Starting a whole novel and messing up is a much more
daunting proposal, if you ask me. Those aborted lines and stanzas equate to
about a quarter the length of the resulting poem. Does this mean that I’ll have
to write fifty pages of a novel to figure out how terrible it is and start
over? I’ll need a wrist brace for the scribbling!
After my last post, on overcoming writer’s block, some
friends and I were talking about the problem of the inner critic and how to
silence it. For some, the inner critic shuts the whole operation down. In this
respect I’m fortunate to lose only a quatrain here or there.
I can easily relate, though, when the topic is long-form
fiction instead of poetry. I share the sense that there’s such a thing as
wasted effort—such a thing as something to lose. I believe I can write
something too stupid to recover from. I think there’s a chance I could blow the
whole illusion that I’m a real writer with something valuable to say.
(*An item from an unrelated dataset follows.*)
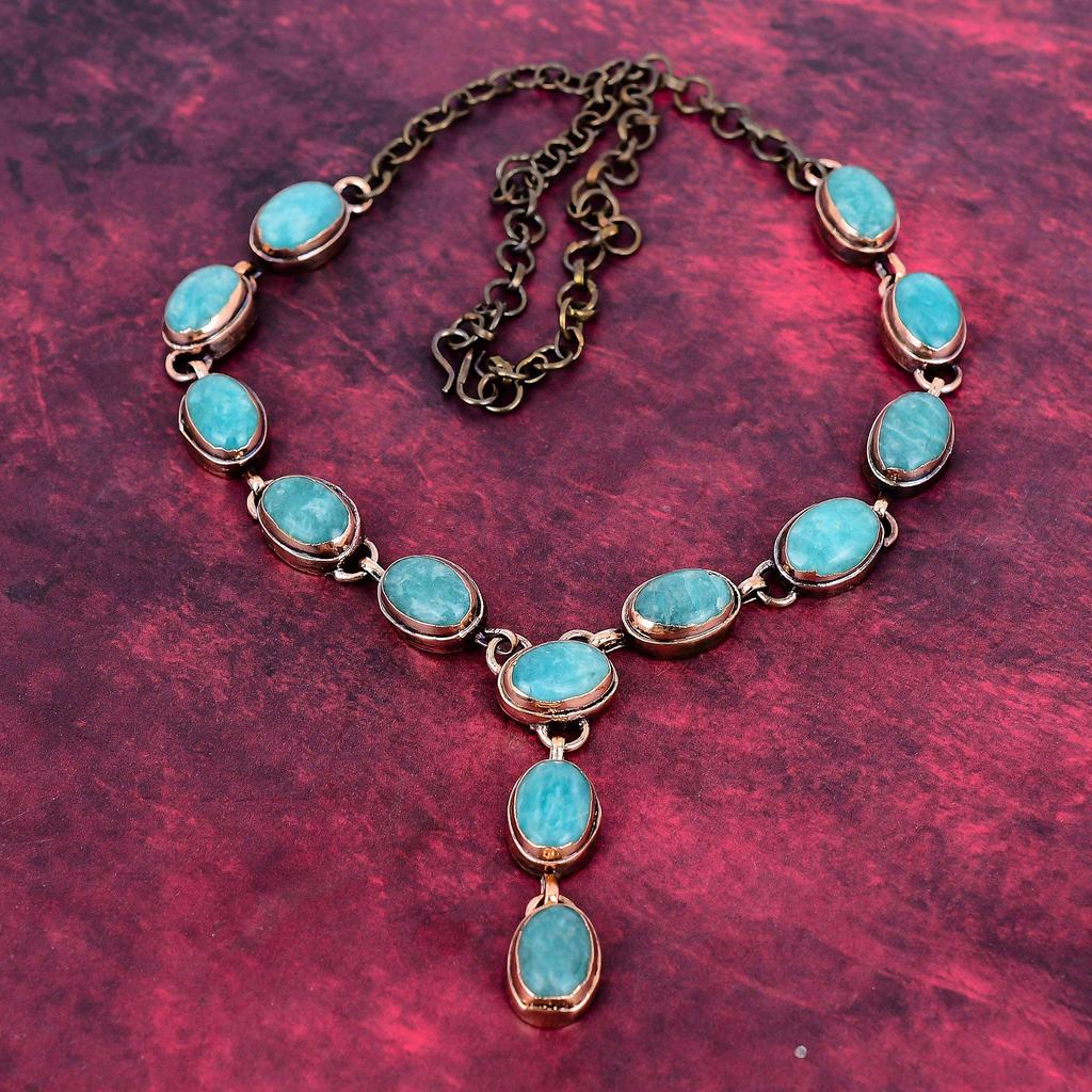 Amazonite Gemstone Necklace Electroformed Copper Adjustable Chain Necklace

With poetry, I’ve reached the point where my inner critic is
a help instead of a hindrance. I can smile as I scrawl, fully assured that
something good is coming. My inner critic sometimes dissuades me from new ways
of experimentation, but that’s part of what it means to have a voice. That
critic also tells me when I’m boring myself and every potential reader, and
this sways me back toward new ground.
I’m not sure if I could properly deal with my inner critic
until I hit my forties. Then she just began to strike me as that sharp-tongued
girlfriend who will say absolutely anything—the one you feel a little
embarrassed to take anywhere for fear of what criticism might pop out. She’s a
hoot once you learn to deal with her—once you lose the capacity to feel
offense. While she’s frequently correct, she’s often wrong, and although she
can be richly entertaining, she’s not altogether kind.
When it comes to my novel, though, I’m brand new, and I
haven’t exactly built up my calluses. The inner critic doesn’t point me in a
better direction; she completely silences me. Until I get that first page done,
there isn’t likely to be a second one. (I’ve been toying with the idea of
working around her by starting in the middle, but that’s a post for another
day.)
For me, the solution to dealing with the inner critic comes
down to four words: permission to be stupid. Until I realized the importance of
letting myself write and think ridiculous, stupid things, I was never able to
make the kinds of bold connections that most thrill me in a poem. The inner
critic is conservative, and innovation, in writing or any other aspect of life,
is anything but.
Sometimes I actually begin a writing session by saying those
words: permission to be stupid. I’ve even written it at the top of the page. I’ve
written poem drafts where I had to edit out lines that actually said things
like, “Wow, this is dumb.” But you know, giving voice to the inner critic
helped me to pinpoint that voice and separate it from my creative mind. Once
the inner critic is put in its place, it can be very useful. The problem happens
when it stops us in our tracks—but, like beginning my novel in the middle, sometimes
it’s just a matter of finding a way around it.